Myth, legend, and folklore are constant companions. I’ve always been drawn to the women of story: the selkies, the sibyls, the fae. The high-born lady who flees into the forest to join the Romany camp. The girl who dances barefoot under moonlight. The healer who sings spells into the wind. These are not just archetypes—they are fragments of myself I’ve stitched together through song. I see the world as layered. There is always more beneath the surface if we are willing to listen.
And I listen a lot. I listen to the voices of ancestors in lullabies. I listen to the wind as it whistles through reeds and rigging. I listen to the silence between chords. I’ve learned that silence isn’t absence—it’s invitation. In silence, songs are born.
Of course, like many, I have known loss. I have wept with a guitar in my lap. I have sung through grief when no words would come. But music, in its infinite generosity, has always offered me a path through. And somehow, in my own process of healing, I have, I hope, helped others do the same. I don’t think this is accidental. I think that’s what music is for.
Working with Neil has only deepened this truth. There’s a synergy in our partnership that’s hard to describe—one that’s equal parts alchemy and trust. Together we’ve composed soundtracks for films, written for others, created audio landscapes from pop to cinematic to spiritual. But our real work, I believe, is invisible. It lies in the frequency beneath the note, the energy behind the breath. We don’t just want people to hear—we want them to feel.
Lately, I’ve been channelling this intention into guided meditations and artist support work. For years, I suffered from debilitating stage fright. Now, I help others turn nerves into power, fear into presence. Because it’s all the same root—energy needing somewhere to go. Whether it’s through singing, speaking, or simply being, my mission remains the same: to help people remember who they are, through music.
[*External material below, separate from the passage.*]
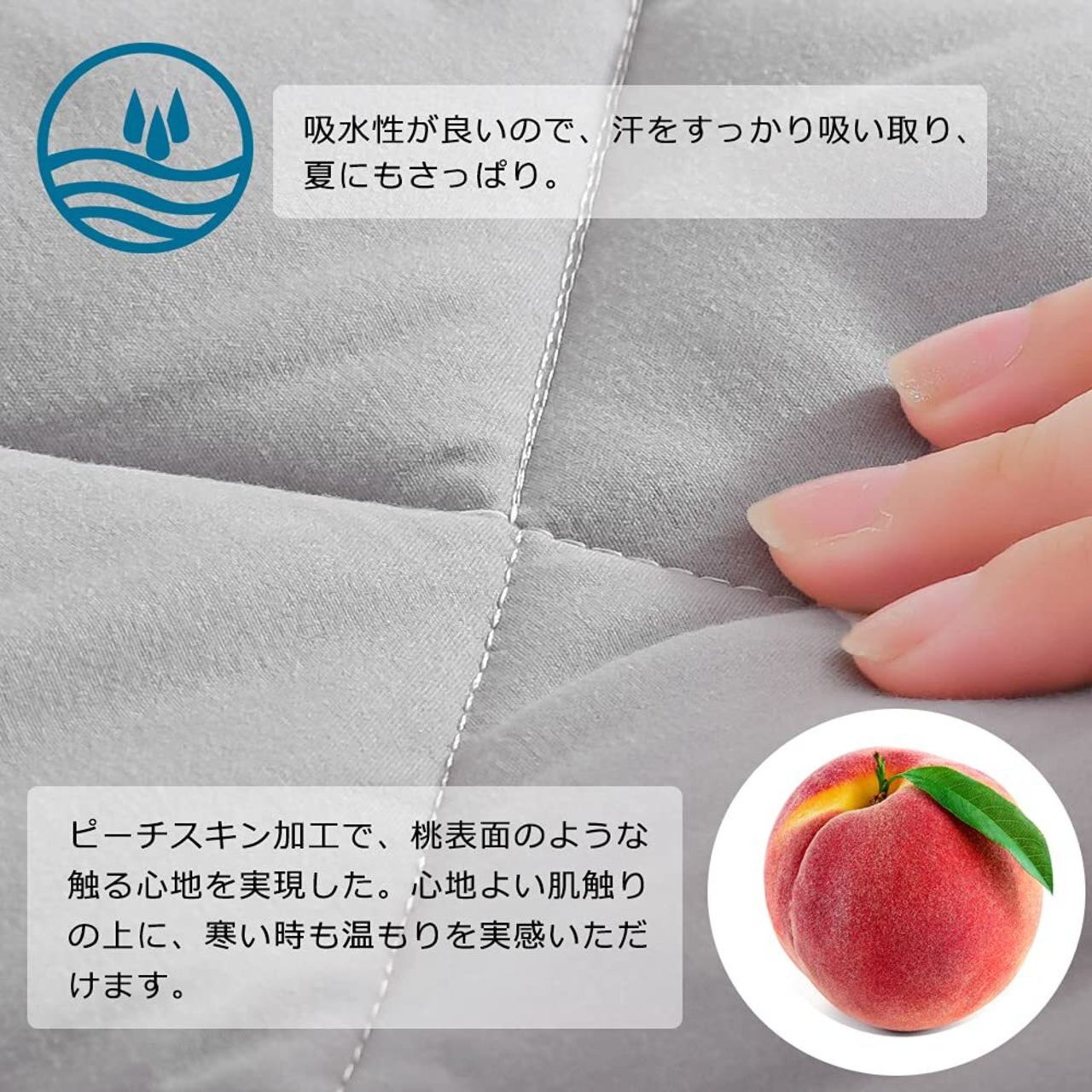 <肌にやさしい>:ピーチスキン加工で、いつも触りたい、桃のような肌触りが実現できまして、寒い時期にも温もりを実感していただけます。優れた吸水性と通気性を備える素材で織り上げた敷パッドだから、夏にもさっぱり。また防臭・抗菌防ダニ加工、色落ちない、シミがない、シワになりにくい、静電気も少ないなどのポイントで、シーツ不要で直接に安心にお使えいただけます。

I’m often asked what my genre is, and I struggle to answer. My music lives at the crossroads—between folk and fantasy, ballad and boldness, reverie and rebellion. It is Celtic, yes. Ethereal, often. But mostly, it’s a conversation between my soul and the world around me.
These days, I feel less like I’m making music and more like I’m receiving it. As if I am just the vessel through which melody flows. And perhaps that is the most spiritual part of all—that surrender. That knowing that what we create is never just ours, but something offered. A torch in the dark. A song on the wind. A memory waiting to be born.